It is worth pausing here to remember this exact moment, just over a year into Trump’s presidency, with Democrats out of power in both chambers of Congress, the Mueller investigation carrying on out of view. There was so much energy in the party — and it poured daily into a vacuum. Obama was gone. No one wanted to hear from Hillary. The leaders in the party were — who? Tom Perez, Chuck Schumer, Nancy Pelosi. Democrats frequently miscalculated: On the day of the women’s march in January 2017, the party’s leading strategists weren’t in Washington, shoulder-to-shoulder with tens of thousands of enraged voters. They were at a donor summit at a Florida resort instead. By the time Avenatti came on the scene, impeachment talk was still fringe. Democrats couldn’t decide whether they would call him a liar on TV.

Avenatti appeared to be an answer to the problem for Democrats who feared their leaders weren’t fighting on Trump’s terms. If part of Trump’s attraction to his supporters was that he said what they were thinking, Avenatti performed a similar function for Democrats. He had in his hands a case that not only validated their instincts about the character and quality of Donald Trump, but seemed to promise more bombshells to come. People saw him as a vessel for their animus; they sent him information.

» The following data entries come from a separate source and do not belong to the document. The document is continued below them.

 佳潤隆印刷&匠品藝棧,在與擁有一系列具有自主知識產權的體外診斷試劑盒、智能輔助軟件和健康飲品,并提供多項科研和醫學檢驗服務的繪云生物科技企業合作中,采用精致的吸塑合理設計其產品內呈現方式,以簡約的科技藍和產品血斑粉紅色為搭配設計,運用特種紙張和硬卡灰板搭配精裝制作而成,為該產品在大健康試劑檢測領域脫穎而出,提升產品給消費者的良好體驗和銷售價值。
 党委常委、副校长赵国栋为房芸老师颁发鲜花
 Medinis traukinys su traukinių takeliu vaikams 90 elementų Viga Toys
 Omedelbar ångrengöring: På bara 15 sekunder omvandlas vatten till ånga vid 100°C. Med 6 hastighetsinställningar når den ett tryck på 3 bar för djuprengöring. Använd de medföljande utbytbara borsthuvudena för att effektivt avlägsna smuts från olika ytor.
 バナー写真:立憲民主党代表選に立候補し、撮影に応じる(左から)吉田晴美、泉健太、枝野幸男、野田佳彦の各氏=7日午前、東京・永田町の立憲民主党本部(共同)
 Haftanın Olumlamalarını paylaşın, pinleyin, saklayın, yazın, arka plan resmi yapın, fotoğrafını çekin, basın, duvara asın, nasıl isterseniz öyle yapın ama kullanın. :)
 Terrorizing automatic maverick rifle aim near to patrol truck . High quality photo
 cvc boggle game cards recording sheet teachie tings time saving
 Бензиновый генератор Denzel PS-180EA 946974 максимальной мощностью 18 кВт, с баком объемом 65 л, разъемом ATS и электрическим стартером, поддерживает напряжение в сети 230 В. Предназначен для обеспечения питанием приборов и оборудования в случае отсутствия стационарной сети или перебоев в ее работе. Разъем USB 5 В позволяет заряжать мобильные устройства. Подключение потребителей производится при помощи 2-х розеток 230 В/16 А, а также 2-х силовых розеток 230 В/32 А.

It was only a few weeks before the Daniels case started to grow into something bigger — not for his client, who only did a fraction of the appearances he did, but for Avenatti himself. He welcomed the attention, becoming a regular on cable news, once hitting five networks in a single day. On Facebook, a “Hottie Avenatti” page appeared. Before attending night classes at George Washington University Law School, Avenatti had spent six years working on Democratic campaigns in opposition research, and he now had an audience for his commentary on the party’s failings. “Off topic,” he wrote on Twitter that June, “the candidate in 2020 better be a take no prisoners street fighter who is prepared to go 15 rounds in a VERY brutal campaign.” The tweet spun into stories about “Avenatti 2020.” If reporters believed they were in on the joke, Avenatti wasn’t. The more he went places other Democrats wouldn’t, the more the coverage bent in his direction. He seemed to prove his own premise.

At the “top 100” media event that spring, he remembers standing at the bar with MSNBC host Ari Melber, another new friend. As people came up to Avenatti, Melber leaned over and said, “You’re the belle of the ball.” An MSNBC spokesperson confirmed the exchange.

“Yeah,” Avenatti replied.

“I’m going to look back some day and say, ‘This was the peak. It was all downhill from here.’”

Actually, the “peak” came later, in August 2018.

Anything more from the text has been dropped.